Innovative Stress Release Stimulation Through Sequential Cavity Completion for CBM Reservoir Enhancement

China holds substantial coalbed methane resources, yet low single-well productivity persists. While horizontal well cavity completion offers a permeability-enhancing solution through stress release, its effectiveness remains limited by the incomplete knowledge of stress redistribution and permeability evolution during stress release. To bridge this gap, a fully coupled hydromechanical 3D discrete element model (FLC3D) was developed to investigate stress redistribution and permeability evolution in deep coalbed methane reservoirs under varying cavity spacings and fluid pressures, and a novel sequential cavity completion technique integrated with hydraulic fracturing was proposed to amplify stress release zones and mitigate stress concentration effects. Key findings reveal that cavity-induced stress release zones predominantly develop proximal to the working face, exhibiting radial attenuation with increasing distance. Vertical stress concentrations at cavity termini reach peak intensities of 2.54 times initial stress levels, forming localized permeability barriers with 50–70% reduction. Stress release zones demonstrate permeability enhancement directly proportional to stress reduction magnitude, achieving a maximum permeability of 5.8 mD (483% increase from baseline).

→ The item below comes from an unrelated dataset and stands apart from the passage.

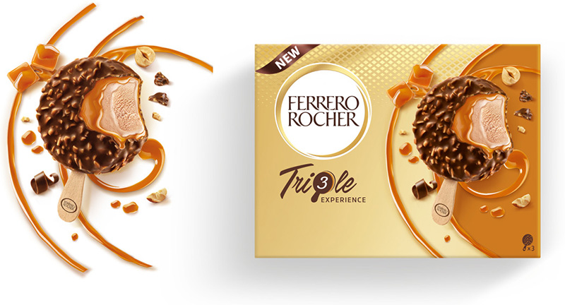Ferrero Rocher a su prolonger le plaisir de sa célèbre bouchée au bon goût de noisettes avec une version glacée Classic. La nouvelle création Triple Experience va encore plus loin. Dans sa coque au chocolat au lait avec des éclats de noisettes se cache toute la douceur d’une glace au bon goût de noisette… relevée d’un délicieux coulis saveur caramel.
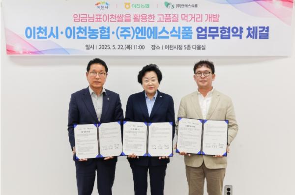 [중앙뉴스라인, 한하림기자] 이천시는 5월 22일 시청 5층 다올실에서 이천농협, 엔에스식품과 함께 이천쌀 미래 성장을 위한 전략적 파트너십 업무협약식을 개최했다.

Prolonged drainage operations reduce stress release zone volumes by 17% while expanding stress concentration zones by 31%. The developed sequential cavity hydraulic fracturing technology demonstrates, through simulation, that strategically induced hydraulic fractures elevate fluid pressures in stress-concentrated regions, effectively neutralizing compressive stresses and restoring reservoir permeability. These findings provide actionable insights for optimizing stress release stimulation strategies in deep coalbed methane reservoirs, offering a viable pathway toward sustainable and efficient resource development.